··· INFORMATION SHOWN ···

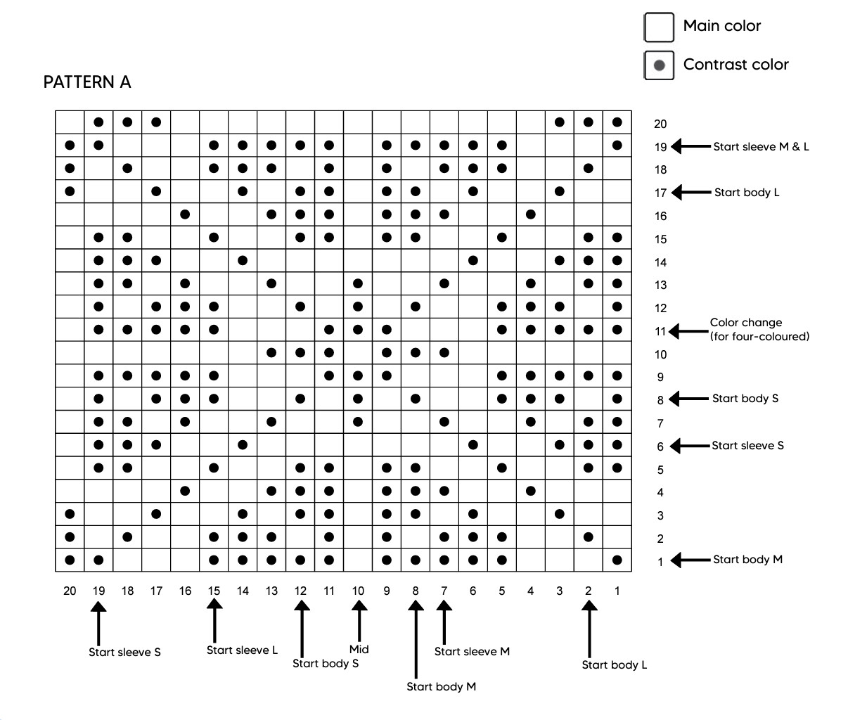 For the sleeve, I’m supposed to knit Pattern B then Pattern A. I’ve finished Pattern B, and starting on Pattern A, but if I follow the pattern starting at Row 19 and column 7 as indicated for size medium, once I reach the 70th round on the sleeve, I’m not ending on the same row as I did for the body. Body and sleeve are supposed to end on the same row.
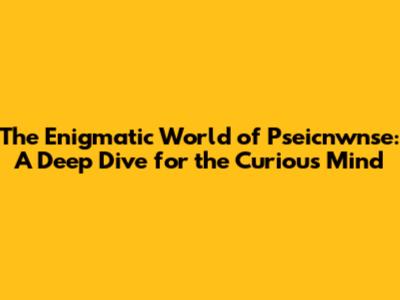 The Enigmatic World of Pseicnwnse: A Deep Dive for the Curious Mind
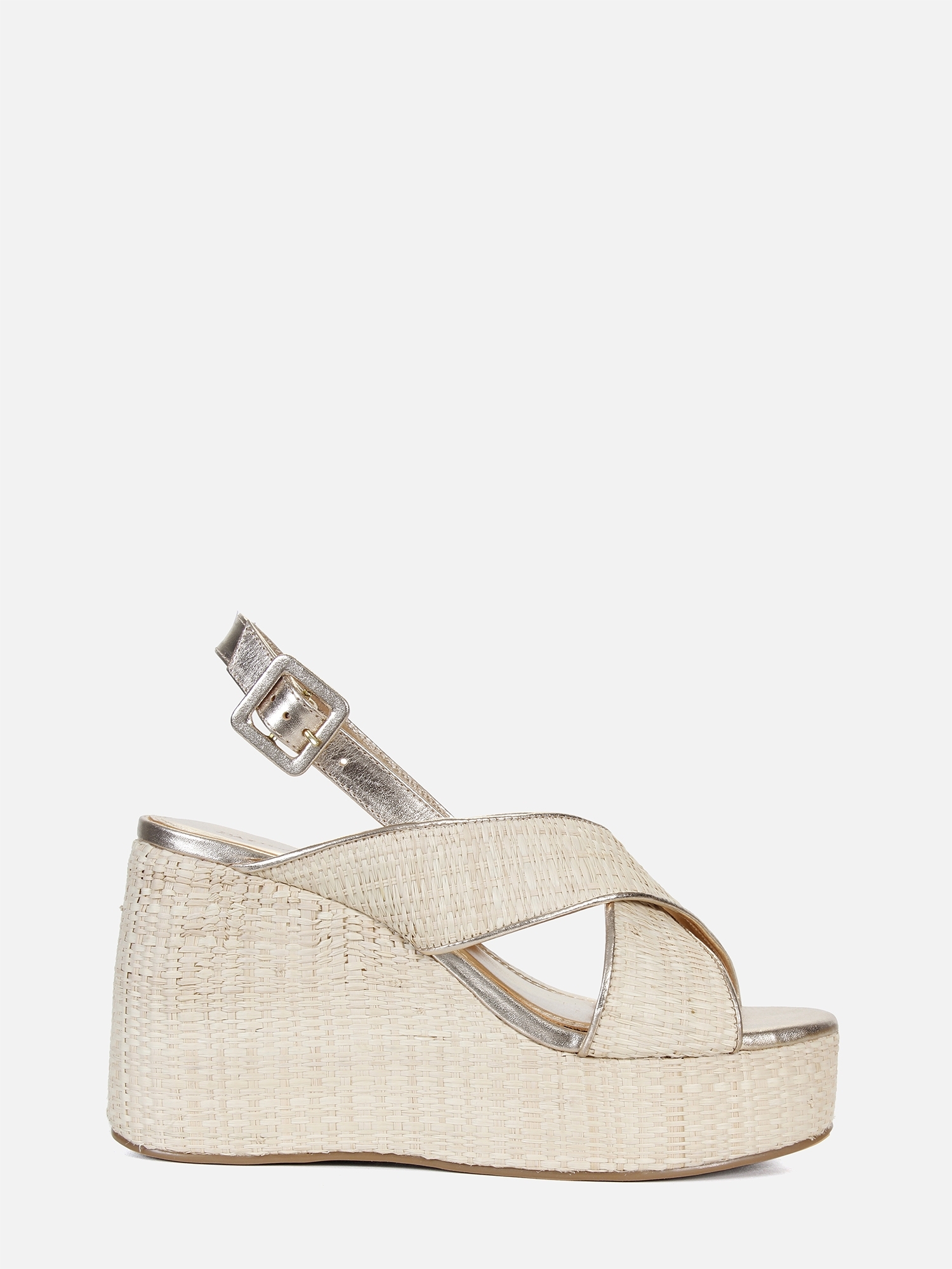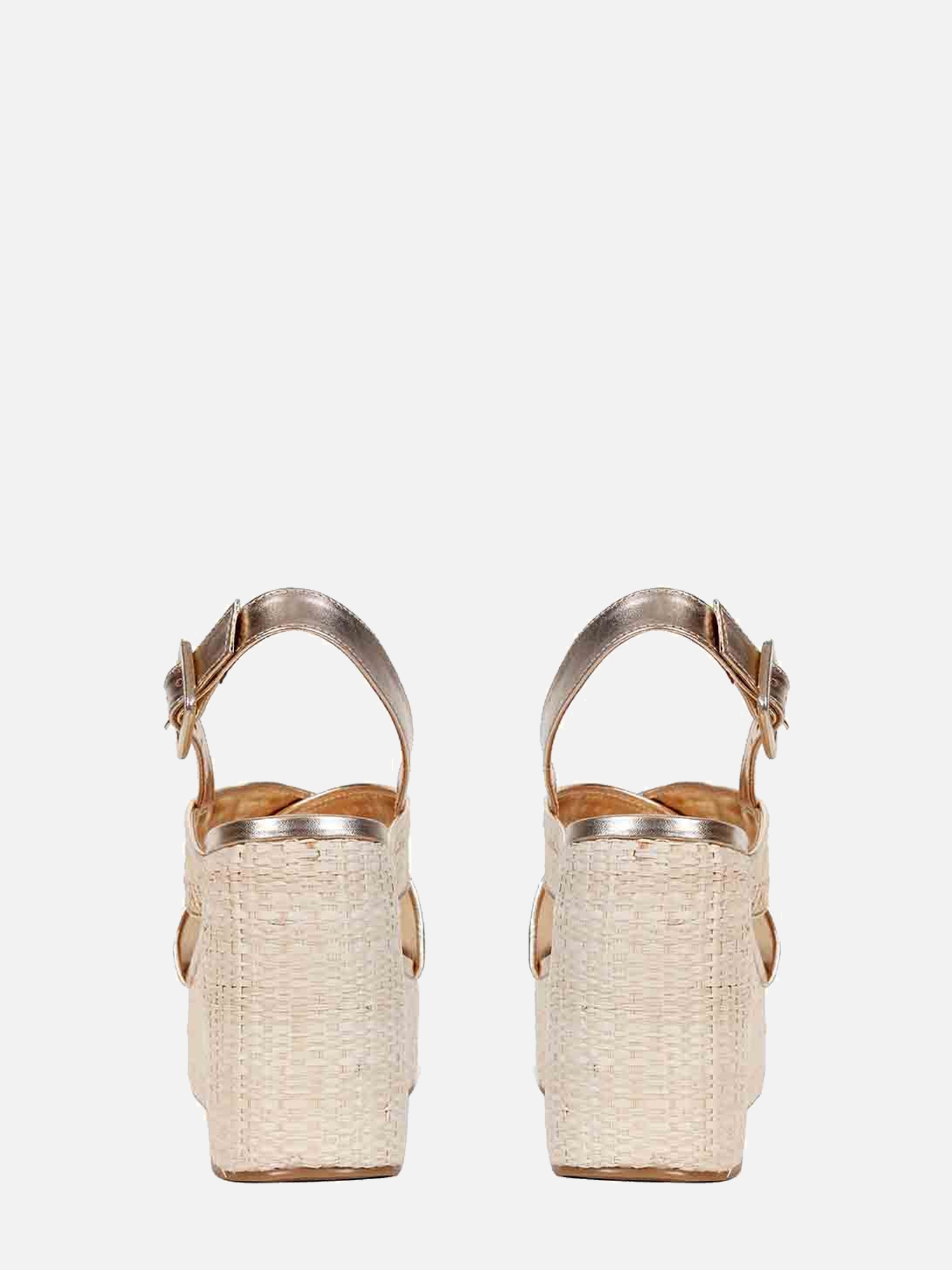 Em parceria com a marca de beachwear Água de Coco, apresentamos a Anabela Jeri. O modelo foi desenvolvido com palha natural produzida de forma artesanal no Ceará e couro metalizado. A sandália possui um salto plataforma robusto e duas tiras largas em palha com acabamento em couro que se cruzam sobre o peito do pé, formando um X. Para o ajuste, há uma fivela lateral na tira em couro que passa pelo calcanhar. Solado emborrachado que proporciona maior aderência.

···

TASK INSTRUCTIONS:
Please reproduce, exactly and only, the lines from the line containing "The Enigmatic World" through the last line of the material above, minus any pictures.

RESULT:
 The Enigmatic World of Pseicnwnse: A Deep Dive for the Curious Mind
 Em parceria com a marca de beachwear Água de Coco, apresentamos a Anabela Jeri. O modelo foi desenvolvido com palha natural produzida de forma artesanal no Ceará e couro metalizado. A sandália possui um salto plataforma robusto e duas tiras largas em palha com acabamento em couro que se cruzam sobre o peito do pé, formando um X. Para o ajuste, há uma fivela lateral na tira em couro que passa pelo calcanhar. Solado emborrachado que proporciona maior aderência.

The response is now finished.